At the other end of the spectrum are the elderly. Some like my mother, who three years ago, in her mid-eighties, suffered a stroke, has been fortunate to receive excellent medical care and now lives in an assisted living facility where she is well looked after. Her stress is caused by her inability to communicate, as she would like, due to her stroke-induced brain damage, her frailty (she is in a wheel chair), the loss of control of every aspect of her life, as well as her sense of impending death. The vast majority of elderly people are not so fortunate and spend their last years in poverty, deprivation and with a frustrated acceptance of their reduced quality of life. This causes them and their loved ones enormous stress.

We live in stressful times. Recent college graduates struggle to find jobs, middle-aged workers who have been laid off struggle to find jobs and some way to fulfill their responsibilities to their families. We are stressed about war in Iraq and Afghanistan, climate change, and how and when will the struggling world economy recover. And the list goes on.

Some strategies to deal with stress:

Physical – eat right, exercise, try to get enough sleep, build in recreation and down time. Maybe take a yoga class, and learn how to meditate. Breathe deeply.

Emotional – make the effort to stay connected with family and friends. If you live alone think about acquiring a pet. Prioritize a list of what satisfies you emotionally—music, movies, bowling, carpentry—and make the time to treat yourself and indulge in what gives you pleasure.

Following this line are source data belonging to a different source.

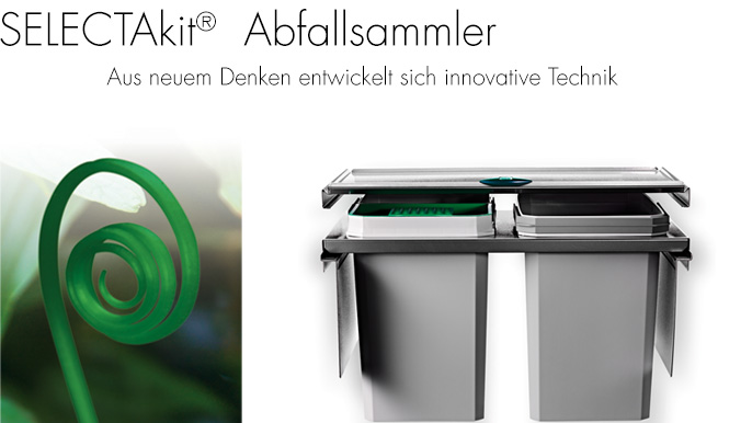 Aus neuem Denken entwickelt sich innovative Technik. Heute steht ein umfassendes Angebot durchdachter, funktioneller und richtungsweisender Abfalltrennbehälter und Sammelsysteme zur Auswahl. Es erleichtert dem Anwender nicht nur ökologisch orientierten Umgang mit Abfällen und Wertstoffen, sondern verdeutlicht durch kreative Neu und Weiterentwicklungen bewährter Systeme, wie richtungsweisend und aktuell aktiver Umweltschutz ist.
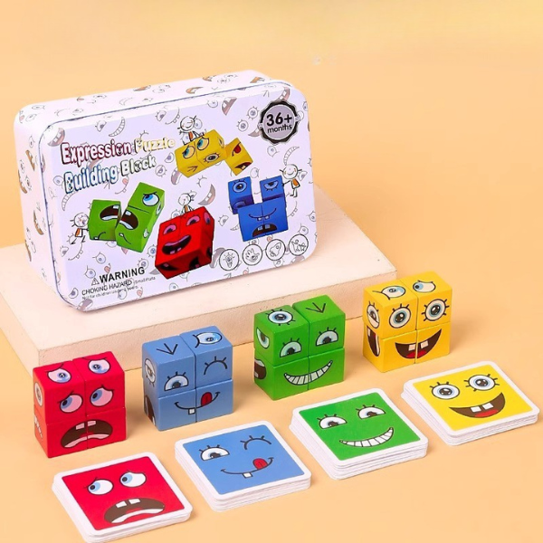 Suk raudonus, mėlynus ar geltonus kubelius, atkurk skirtingas veido išraiškas ir stebėk, kaip mažieji mokosi atpažinti jausmus – nuo džiaugsmo iki nuostabos!
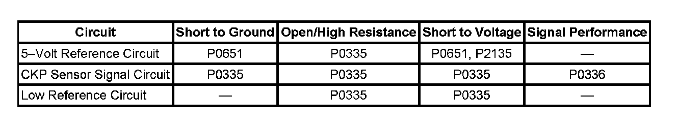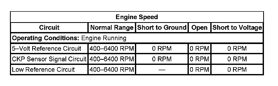 The crankshaft position (CKP) sensor circuits consist of an engine control module (ECM) supplied 5-volt reference circuit, low reference circuit and an output signal circuit. The CKP sensor is an internally magnetic biased digital output integrated circuit sensing device. The sensor detects magnetic flux changes of the teeth and slots of a 58-tooth reluctor wheel on the crankshaft. Each tooth on the reluctor wheel is spaced at 60-tooth spacing, with 2 missing teeth for the reference gap. The CKP sensor produces an ON/OFF DC voltage of varying frequency, with 58 output pulses per crankshaft revolution. The frequency of the CKP sensor output depends on the velocity of the crankshaft. The CKP sensor sends a digital signal, which represents an image of the crankshaft reluctor wheel, to the ECM as each tooth on the wheel rotates past the CKP sensor. The ECM uses each CKP signal pulse to determine crankshaft speed and decodes the crankshaft reluctor wheel reference gap to identify crankshaft position. This information is then used to determine the optimum ignition and injection points of the engine. The ECM also uses CKP sensor output information to determine the camshaft relative position to the crankshaft, to control camshaft phasing, and to detect cylinder misfire.
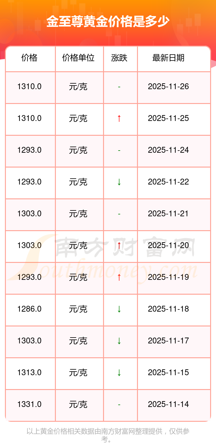 今日黃金價格是怎樣的?當下黃金一克要賣多少錢?一般情況下1克黃金的價格會在多少呢?當下,金至尊 黃金價格今日的最新價格是1310.0元/克。

Psychological—don’t try to push through the commitments you have regardless of your health. Take a day off when you feel sick, learn that tomorrow is another day and you will have time to complete your tasks. Seek a balance between home life, work or school life, and your time for your private self, life.

Remind yourself that this is the one life you have to live. Be passionate. Your life is happening now, this is not a rehearsal.